# Pompano Rig



## WilliP (May 12, 2016)

what are the best Pompano Riggs and where can i order tgwm from


----------



## kraus (Jun 8, 2009)

http://www.pierandsurf.com/fishing-forum/showthread.php?156369-Where-to-purchase-a-river-rig


----------



## letmefish (May 23, 2015)

OH NO YOU DIDN'T just plug the "River Rig"!!!!!!!!!!!!.......................................

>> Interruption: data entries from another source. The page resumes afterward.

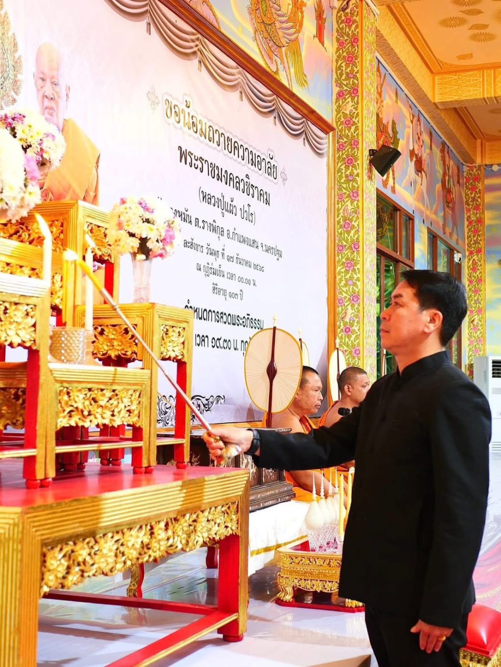 วันจันทร์ที่ 22 ธันวาคม 2568 เวลา 19.30 น. นายเกียรติศักดิ์ ธนาวรรณโอภาส นายอำเภอกำแพงแสน เป็นประธานพิธีสวดพระอภิธรรมถวาย แด่พระราชมงคลวชิราคม อุดมธรรมสุนทร (หลวงปู่แผ้ว ปฺวโร) ณ กุฎิร่มเย็น วัดประชาราษฎร์บำรุง (รางหมัน) ตำบลรางพิกุล อำเภอกำแพงแสน จังหวัดนครปฐม ในการนี้ รองศาสตราจารย์ นายสัตวแพทย์ ดร. อนุชัย ภิญโญภูมิมินทร์ รองอธิการบดี มหาวิทยาลัยเกษตรศาสตร์ วิทยาเขตกำแพงแสน พ.ต.อ.ปราโมทย์ โพธิ์พันธุ์ ผกก.สภ.กำแพงแสน นายจิรายุทธ จำเล ประธานชมรมกำนัน ผู้ใหญ่บ้านอำเภอกำแพงแสน ร่วมพิธีดังกล่าวพร้อมด้วย กำนัน ผู้ใหญ่บ้านฯอำเภอกำแพงแสน หัวหน้าส่วนราชการ ผู้บริหารองค์กรปกครองส่วนท้องถิ่น และข้าราชการ พนักงาน ลูกจ้าง สังกัดที่ทำการปกครองอำเภอกำแพงแสน และประชาชนทั่วไปร่วมพิธีโดยพร้อมเพรียงกัน
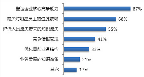 在了解知识管理如何支撑战略发展的认识上,有87%的企业认为可以提高核心竞争能力,紧随其后的是减少对明星员工的依赖以及降低人员流失所带来的知识流失。从企业的选择上看,目前企业对知识管理的工作更聚焦于对目前的战略以及业务发展进行支撑,对知识管理如何支撑未来战略的思考相对偏少。但总体来说,企业都希望能够避免对员工的依赖,打造企业的核心竞争能力。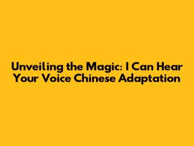 Unveiling The Magic: 'I Can Hear Your Voice' Chinese Adaptation
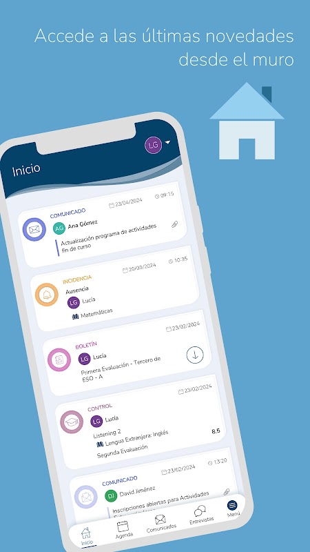 The application offers everything you need to know about your children's day-to-day at school and everything related to their school follow-up: from checking grades or reports, contacting teachers, viewing absences, checking invoices, reviewing the menu, school routes or the regulations and policies of the center.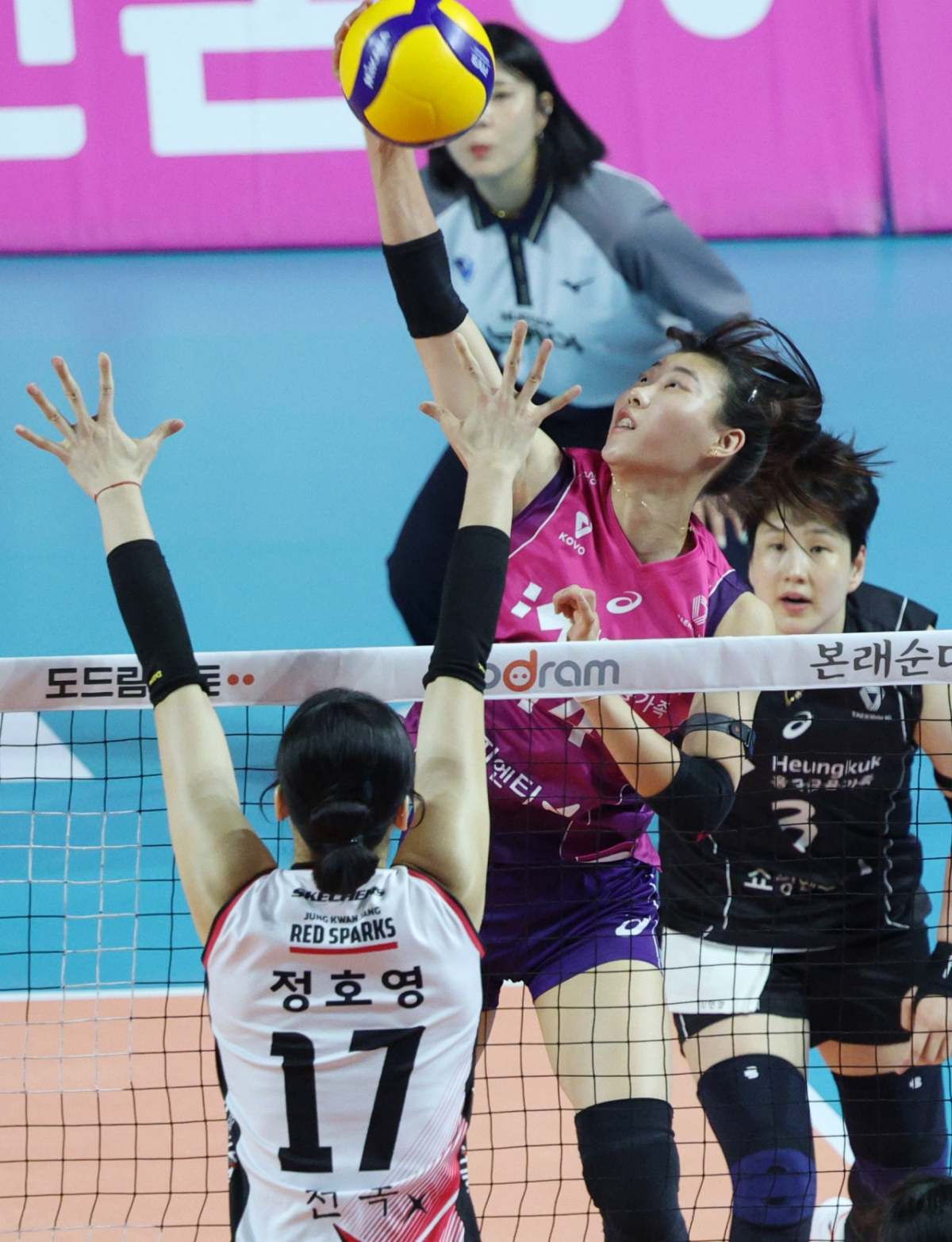 '도드람 2024~2025 V리그' 여자부 챔피언결정전 5차전 흥국생명 대 정관장 경기가 8일 인천 삼산월드체육관에서 열렸다. 흥국생명 정윤주가 정관장 정호영의 블로킹 위로 강스파이크를 날리고 있다. 독자들의 PICK! "만난 지 6년 5개월" 제니, 결혼 소식…사업가와 웨딩마치 "남친에 4억 뜯겨" 여배우 충격에...은둔 생활→고깃집 서빙 "남경주, 애처가·딸바보였는데"…성폭행 혐의 '충격' 한고은, '7년째 무직' 남편과 부부싸움…"일주일 한번씩 다퉈"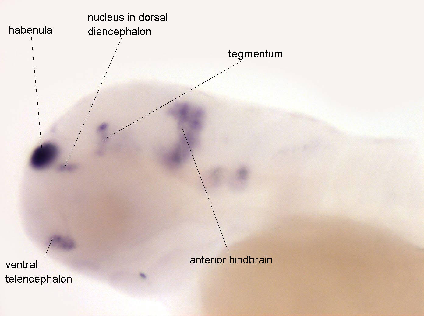 Fig. 6 Expressed in ventral telencephalon, in habenula, tegmentum, anterior hindbrain and in posterior hindbrain and anterior spinal chord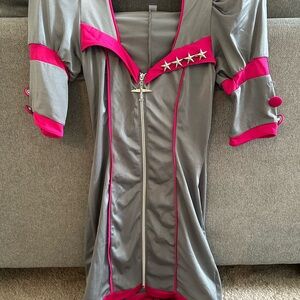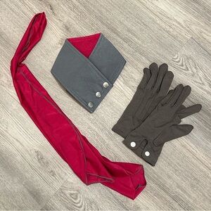 This costume was worn once and not washed. It is missing two buttons (one from each sleeve). It comes with accessories shown (hat, scarf and gloves). The tag says it’s a size XS/S. Smoke free home. Ships fast!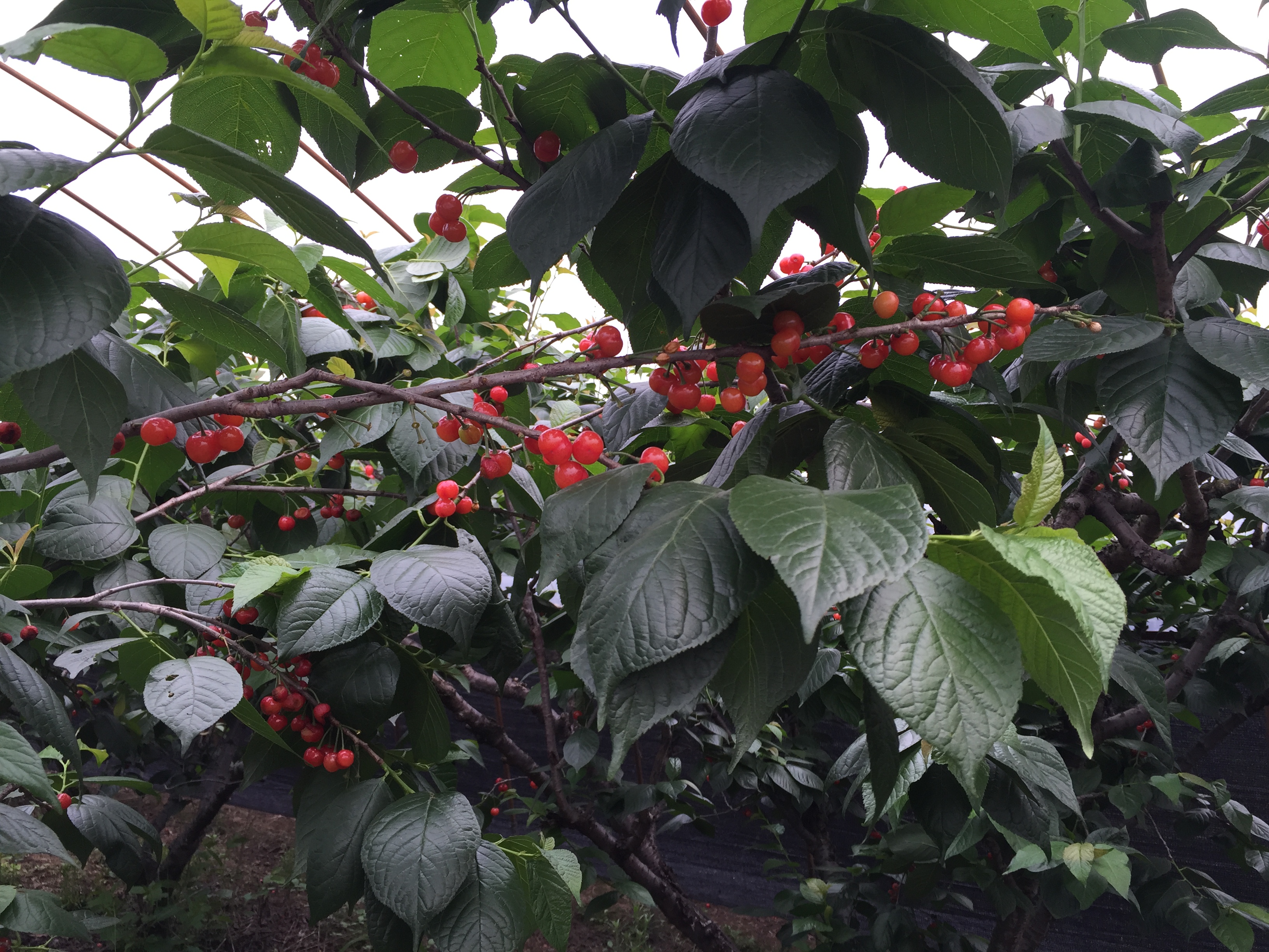 樱桃园院子很大,一排排的树都被压弯了腰。现在正值樱桃采摘季,不是很高的树木上挂满了红色宝石般的果实,稍微一碰就会掉落,反正人都进来了,大家不管三七二十一索性直接站在蹲在树下一次吃个够。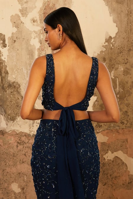 Blue crop top with floral embellishment. Paired with fish style skirt.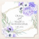 Greenery eucalyptus leaves, lilac & violet anemones and hydrangea flowers adorn these pretty paper coasters that are a perfect fit with matching paper plates and napkins. A gold geometric multi faceted terrarium style frame surrounded with floral bouquets. Design created for the BarefootBride™ by ©WhimsicalArtwork™ We created this template to make it easy for you to personalise with your own information. This is part of a coordinated wedding stationery suite.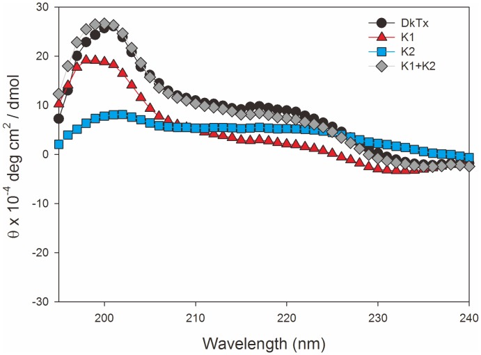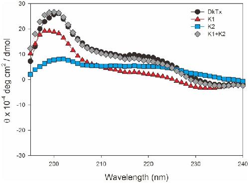 Figure 7. CD spectra of K1, K2 and DkTx.The CD spectra were recorded in 0.01 M sodium phosphate (pH 7.0) at 20°C. K1+K2 depicts the added values of the CD spectra from K1 and K2.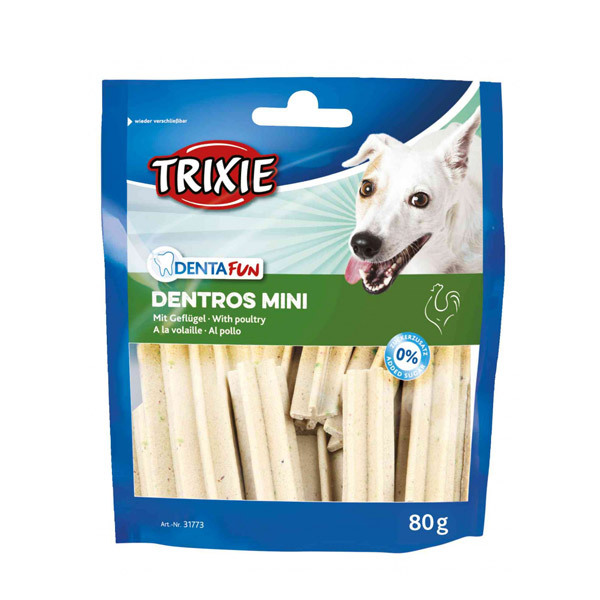 تشویقی دنتال تریکسی با طعم مرغ برای سگ های بالغ تمامی نژادها تولید شده و به حفظ سلامت دهان و دندان و پیشگیری از پلاک و تارتار کمک می کند.
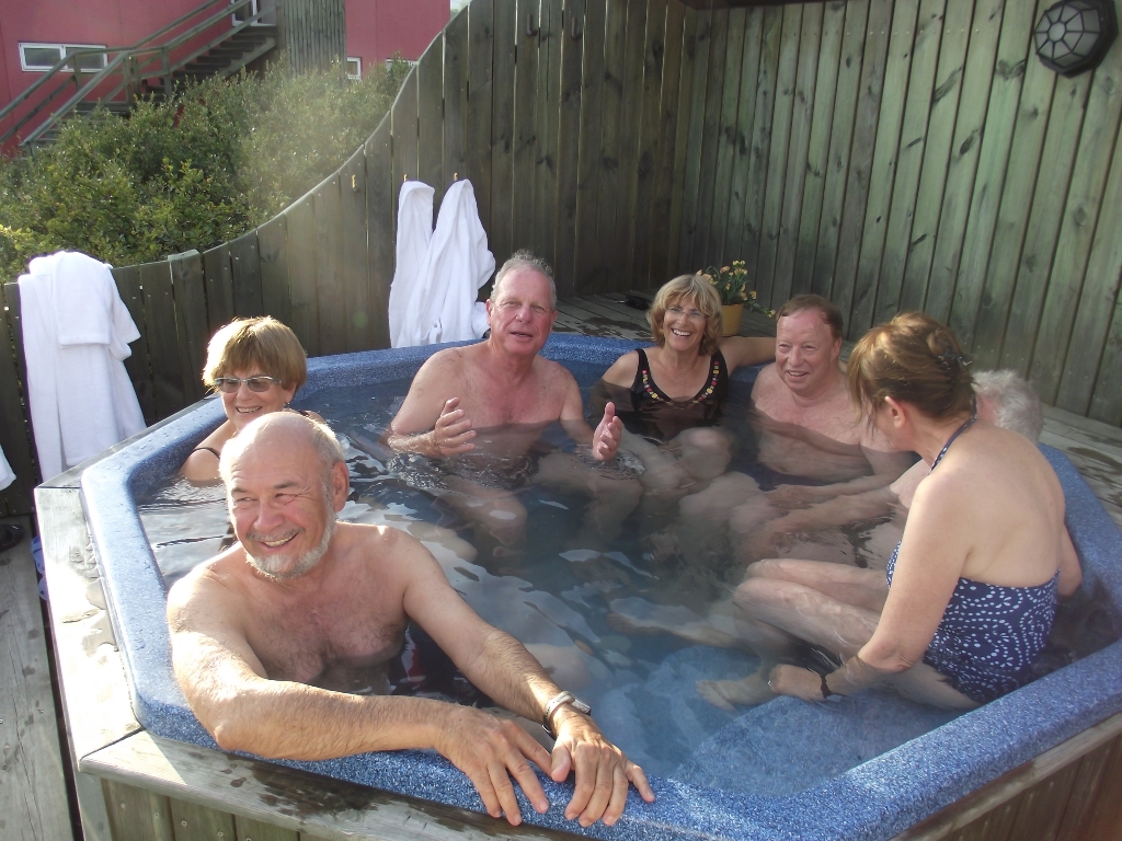 נצלנו את ההזדמנות , של הערב האחרון, יחד בחברותא , א) לטבול בביכות החיצוניות של המלון Glymor, מול הנוף, תחת כיפת השמיים , באור יום (עדיין )

Hahaha.... I was gonna do that. 

The River rig is awesome.

Do yourself a favor though. Hop on Youtube and check out some videos of guys tying their own rigs. Then grab you favorite Mono or Fluro and get to tying.


----------



## bronzbck1 (Jun 13, 2007)

Got a nice one on a River Rig Sunday


----------



## WilliP (May 12, 2016)

Ill give it a trt thanks. I was thinkin i needed the floats on there??? Is that just flash or do they have any purpose other than keepin bait up


----------



## surfchunker (Apr 10, 2006)

floats are ok if your fishing for blues


----------



## DaBig2na (Aug 7, 2011)

surfchunker said:


> floats are ok if your fishing for blues


You've never fished a Crazy Jimmy's River Rig then.


----------



## bronzbck1 (Jun 13, 2007)

Crazy Jimmy rig was designed to catch three drum at one time Worked


----------



## fishiker (Dec 10, 2015)

It's not traditional but we've had some fun productive days fishing a spinner rig baited with fishbites or strips of squid. If the conditions are perfect you can watch the surf and sight cast to them.


----------